Pemerintah Indonesia menetapkan pandemi virus corona COVID-19 sebagai Bencana Nasional. Status tersebut diumumkan pada Sabtu (14/3/2020) oleh Presiden melalui Kepala Badan Nasional Penanggulangan Bencana Doni Monardo di Gedung BNPB dengan kutipan sebagai berikut:
“Sekarang statusnya bencana, Undang-Undang Bencana Nomor 24/2007 menyatakan 3 jenis bencana, Bencana Alam, Non-Alam, Sosial,” kata Juru Bicara Pemerintah untuk COVID-19, Achmad Yurianto, Minggu (15/3/2020) di Komplek Istana Negara.
Ia melanjutkan, bencana Non-Alam itu contohnya wabah/pandemi. Sekarang Indonesia dalam posisi tanggap darurat Bencana Non-Alam pandemi COVID-19. “Tidak ada derajat yang paling tinggi dari ini [status bencana nasional].
Kalau bicara K/L (Kementerian/Lembaga), ini di bawahnya,” ujarnya, seperti dikutip situs web Kementerian Kesehatan.
“Oleh karena itu di dalam ketentuan wabah kenapa kok kemarin yang men-declair ini adalah presiden,” katanya.
Ia menjelaskan bahwa dalam undang-undang, yang boleh menyatakan wabah adalah menteri yang kemudian melaporkannya ke Presiden Joko Widodo.
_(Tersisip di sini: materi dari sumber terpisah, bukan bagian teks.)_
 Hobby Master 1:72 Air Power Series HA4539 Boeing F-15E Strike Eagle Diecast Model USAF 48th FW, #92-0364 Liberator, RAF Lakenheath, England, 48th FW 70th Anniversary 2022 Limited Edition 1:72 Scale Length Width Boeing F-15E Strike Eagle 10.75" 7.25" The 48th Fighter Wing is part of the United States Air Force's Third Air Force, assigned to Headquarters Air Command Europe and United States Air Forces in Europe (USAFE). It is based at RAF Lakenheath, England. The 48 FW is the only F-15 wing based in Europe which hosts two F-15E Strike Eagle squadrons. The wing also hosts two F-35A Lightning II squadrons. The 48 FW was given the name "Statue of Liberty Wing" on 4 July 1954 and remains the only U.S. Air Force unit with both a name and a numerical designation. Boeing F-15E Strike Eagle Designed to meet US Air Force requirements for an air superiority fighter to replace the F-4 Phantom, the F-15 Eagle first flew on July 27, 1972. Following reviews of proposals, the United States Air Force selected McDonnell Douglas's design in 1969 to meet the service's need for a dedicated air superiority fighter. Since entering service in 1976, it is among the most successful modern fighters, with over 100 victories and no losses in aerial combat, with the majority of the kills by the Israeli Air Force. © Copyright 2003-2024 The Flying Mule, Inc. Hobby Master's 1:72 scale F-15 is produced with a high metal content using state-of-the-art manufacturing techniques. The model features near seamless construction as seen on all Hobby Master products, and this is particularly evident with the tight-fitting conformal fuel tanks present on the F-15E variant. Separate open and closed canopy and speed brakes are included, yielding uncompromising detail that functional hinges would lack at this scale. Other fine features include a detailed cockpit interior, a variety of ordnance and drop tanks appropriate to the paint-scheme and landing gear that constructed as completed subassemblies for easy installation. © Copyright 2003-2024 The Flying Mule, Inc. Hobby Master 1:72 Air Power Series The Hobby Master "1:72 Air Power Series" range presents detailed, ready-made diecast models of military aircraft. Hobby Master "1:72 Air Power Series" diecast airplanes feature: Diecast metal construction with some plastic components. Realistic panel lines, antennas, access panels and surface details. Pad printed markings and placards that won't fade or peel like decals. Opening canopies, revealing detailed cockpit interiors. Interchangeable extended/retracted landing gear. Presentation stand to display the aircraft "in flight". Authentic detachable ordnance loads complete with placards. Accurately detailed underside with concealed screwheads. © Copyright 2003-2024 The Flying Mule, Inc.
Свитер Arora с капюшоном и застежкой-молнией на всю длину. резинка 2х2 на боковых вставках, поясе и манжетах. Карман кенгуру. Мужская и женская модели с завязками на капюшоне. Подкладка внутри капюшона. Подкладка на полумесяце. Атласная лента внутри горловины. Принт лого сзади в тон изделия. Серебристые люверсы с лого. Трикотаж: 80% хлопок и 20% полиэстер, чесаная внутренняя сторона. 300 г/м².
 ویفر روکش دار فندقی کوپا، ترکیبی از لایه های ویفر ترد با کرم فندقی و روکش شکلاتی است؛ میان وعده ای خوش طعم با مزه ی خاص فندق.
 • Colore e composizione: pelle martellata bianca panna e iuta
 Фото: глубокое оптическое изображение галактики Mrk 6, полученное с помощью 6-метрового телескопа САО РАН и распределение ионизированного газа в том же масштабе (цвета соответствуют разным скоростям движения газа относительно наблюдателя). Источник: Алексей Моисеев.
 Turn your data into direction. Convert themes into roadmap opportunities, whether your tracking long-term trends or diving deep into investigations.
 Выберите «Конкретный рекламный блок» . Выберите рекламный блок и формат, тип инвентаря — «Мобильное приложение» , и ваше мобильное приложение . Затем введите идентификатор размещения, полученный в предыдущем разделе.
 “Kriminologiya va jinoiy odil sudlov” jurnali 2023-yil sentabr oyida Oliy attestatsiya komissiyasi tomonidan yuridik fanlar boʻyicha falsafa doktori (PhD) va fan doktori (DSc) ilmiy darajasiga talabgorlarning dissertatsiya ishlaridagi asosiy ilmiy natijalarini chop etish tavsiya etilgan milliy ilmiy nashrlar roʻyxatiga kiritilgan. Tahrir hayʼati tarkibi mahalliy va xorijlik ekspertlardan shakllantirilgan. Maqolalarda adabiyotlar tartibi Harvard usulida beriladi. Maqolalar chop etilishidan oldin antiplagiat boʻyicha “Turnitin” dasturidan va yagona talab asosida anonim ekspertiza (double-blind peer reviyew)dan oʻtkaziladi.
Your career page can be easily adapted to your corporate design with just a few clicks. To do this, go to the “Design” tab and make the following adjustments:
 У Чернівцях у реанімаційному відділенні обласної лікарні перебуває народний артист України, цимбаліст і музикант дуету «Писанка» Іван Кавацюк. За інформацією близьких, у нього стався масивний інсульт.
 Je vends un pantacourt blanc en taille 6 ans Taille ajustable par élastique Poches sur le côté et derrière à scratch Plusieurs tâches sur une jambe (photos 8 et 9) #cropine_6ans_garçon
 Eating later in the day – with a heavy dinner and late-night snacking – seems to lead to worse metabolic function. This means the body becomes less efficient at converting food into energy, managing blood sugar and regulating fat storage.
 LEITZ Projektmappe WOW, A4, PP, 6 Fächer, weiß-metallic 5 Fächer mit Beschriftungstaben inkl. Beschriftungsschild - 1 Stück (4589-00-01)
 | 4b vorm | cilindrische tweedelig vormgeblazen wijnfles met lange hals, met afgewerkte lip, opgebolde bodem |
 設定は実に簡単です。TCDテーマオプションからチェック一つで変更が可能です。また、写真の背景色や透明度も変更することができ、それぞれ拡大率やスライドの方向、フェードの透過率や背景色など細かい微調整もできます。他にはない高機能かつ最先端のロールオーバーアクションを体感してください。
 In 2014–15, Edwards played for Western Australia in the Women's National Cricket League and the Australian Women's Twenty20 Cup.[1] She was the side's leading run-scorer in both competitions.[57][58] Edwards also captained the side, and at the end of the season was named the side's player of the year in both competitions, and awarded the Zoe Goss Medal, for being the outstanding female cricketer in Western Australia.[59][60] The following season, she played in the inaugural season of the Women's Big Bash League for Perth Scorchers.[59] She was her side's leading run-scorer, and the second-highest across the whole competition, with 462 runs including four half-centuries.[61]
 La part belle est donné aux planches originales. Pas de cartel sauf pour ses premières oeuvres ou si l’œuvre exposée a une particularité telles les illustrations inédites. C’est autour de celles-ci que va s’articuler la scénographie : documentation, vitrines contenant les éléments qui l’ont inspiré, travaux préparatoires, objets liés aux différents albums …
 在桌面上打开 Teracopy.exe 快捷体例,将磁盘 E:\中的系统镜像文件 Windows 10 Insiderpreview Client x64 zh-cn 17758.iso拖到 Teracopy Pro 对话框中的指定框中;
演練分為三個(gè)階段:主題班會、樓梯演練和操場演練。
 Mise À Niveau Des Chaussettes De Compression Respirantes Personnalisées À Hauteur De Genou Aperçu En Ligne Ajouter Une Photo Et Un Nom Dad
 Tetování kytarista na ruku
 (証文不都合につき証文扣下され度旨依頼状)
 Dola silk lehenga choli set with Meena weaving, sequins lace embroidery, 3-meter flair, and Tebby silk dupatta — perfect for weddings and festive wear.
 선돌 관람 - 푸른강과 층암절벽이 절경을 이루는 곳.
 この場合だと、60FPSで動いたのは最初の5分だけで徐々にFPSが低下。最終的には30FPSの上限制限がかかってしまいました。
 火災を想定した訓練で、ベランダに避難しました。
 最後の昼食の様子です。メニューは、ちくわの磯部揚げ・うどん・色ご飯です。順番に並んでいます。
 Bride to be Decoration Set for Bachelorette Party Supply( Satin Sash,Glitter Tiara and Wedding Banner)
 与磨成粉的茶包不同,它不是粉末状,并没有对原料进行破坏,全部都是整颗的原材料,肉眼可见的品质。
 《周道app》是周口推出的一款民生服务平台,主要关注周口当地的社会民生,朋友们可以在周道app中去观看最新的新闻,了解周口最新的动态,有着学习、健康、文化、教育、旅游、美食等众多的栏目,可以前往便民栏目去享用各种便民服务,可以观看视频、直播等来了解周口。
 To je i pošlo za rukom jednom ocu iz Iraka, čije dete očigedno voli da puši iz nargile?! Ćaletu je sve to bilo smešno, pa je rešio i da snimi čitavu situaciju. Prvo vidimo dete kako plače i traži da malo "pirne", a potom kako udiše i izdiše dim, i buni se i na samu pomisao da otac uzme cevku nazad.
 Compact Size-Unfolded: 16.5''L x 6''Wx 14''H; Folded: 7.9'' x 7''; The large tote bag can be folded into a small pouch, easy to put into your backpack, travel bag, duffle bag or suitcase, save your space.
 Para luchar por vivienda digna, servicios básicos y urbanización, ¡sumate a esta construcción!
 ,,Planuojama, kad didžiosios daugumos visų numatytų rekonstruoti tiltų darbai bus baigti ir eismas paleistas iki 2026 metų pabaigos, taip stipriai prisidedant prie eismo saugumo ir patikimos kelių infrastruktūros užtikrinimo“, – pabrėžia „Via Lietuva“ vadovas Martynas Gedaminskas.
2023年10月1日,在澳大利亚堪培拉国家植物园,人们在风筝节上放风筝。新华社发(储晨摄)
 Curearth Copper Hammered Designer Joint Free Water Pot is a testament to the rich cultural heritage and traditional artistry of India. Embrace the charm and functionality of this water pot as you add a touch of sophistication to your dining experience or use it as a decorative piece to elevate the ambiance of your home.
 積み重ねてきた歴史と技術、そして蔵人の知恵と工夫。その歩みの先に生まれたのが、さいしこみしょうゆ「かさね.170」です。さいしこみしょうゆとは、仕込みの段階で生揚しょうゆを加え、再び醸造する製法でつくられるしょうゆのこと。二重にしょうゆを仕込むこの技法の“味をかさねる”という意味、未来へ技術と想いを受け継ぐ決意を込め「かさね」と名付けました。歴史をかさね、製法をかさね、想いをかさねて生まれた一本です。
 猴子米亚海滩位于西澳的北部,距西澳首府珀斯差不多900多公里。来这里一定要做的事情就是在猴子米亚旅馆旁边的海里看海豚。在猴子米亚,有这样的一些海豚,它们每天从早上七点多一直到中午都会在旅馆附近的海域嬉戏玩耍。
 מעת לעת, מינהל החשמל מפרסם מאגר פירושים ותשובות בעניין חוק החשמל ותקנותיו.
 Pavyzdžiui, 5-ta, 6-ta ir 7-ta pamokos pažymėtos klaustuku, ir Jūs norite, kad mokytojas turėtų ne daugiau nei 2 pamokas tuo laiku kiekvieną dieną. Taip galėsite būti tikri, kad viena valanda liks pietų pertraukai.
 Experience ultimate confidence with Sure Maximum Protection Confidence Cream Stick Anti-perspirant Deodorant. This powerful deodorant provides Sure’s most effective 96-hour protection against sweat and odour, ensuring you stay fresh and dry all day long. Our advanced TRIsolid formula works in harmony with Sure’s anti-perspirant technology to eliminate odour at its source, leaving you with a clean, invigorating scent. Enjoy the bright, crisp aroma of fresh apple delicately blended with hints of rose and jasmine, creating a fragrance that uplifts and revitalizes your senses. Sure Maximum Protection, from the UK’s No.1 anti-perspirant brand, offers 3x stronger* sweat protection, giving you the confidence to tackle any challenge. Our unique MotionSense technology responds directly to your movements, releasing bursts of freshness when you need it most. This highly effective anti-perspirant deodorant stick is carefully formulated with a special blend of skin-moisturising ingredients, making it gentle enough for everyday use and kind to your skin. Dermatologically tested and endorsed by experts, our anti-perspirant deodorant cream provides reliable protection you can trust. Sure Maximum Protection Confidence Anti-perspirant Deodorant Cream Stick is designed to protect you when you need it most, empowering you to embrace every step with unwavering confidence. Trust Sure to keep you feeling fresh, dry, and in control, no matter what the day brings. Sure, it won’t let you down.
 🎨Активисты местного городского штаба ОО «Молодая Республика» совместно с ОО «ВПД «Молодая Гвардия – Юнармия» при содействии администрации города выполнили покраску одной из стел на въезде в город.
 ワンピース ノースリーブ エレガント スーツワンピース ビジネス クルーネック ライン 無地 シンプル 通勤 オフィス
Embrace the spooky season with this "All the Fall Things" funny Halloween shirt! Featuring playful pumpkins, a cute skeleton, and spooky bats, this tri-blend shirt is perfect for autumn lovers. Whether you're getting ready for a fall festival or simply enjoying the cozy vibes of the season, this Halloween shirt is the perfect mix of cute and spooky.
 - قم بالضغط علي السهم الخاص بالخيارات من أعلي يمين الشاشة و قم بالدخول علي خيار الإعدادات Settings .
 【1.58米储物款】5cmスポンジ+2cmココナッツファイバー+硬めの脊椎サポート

Begitu dilaporkan ke presiden, presiden melihat ini sifatnya pandemi bukan hanya di Indonesia. “Ada dampak ikutan yang lebih besar, makanya presiden yang mengumumkan,” ujar Achmad.
Apa pentingnya Pemerintah menetapkan status virus corona (COVID-19) sebagai Bencana Nasional Non-Alam? ya status itu sangat penting ditetapkan oleh Pemerintah agar penanggulangan virus corona (COVID-19) dapat dilakukan secara masif dan dapat mempermudah akses pendanaan yang bersumber dari APBN maupun APBD. hal ini sesuai dengan ketentuan Pasal 7 dan Pasal 8 Undang-Undang Nomor 24 Tahun 2007 tentang Penanggulangan Bencana.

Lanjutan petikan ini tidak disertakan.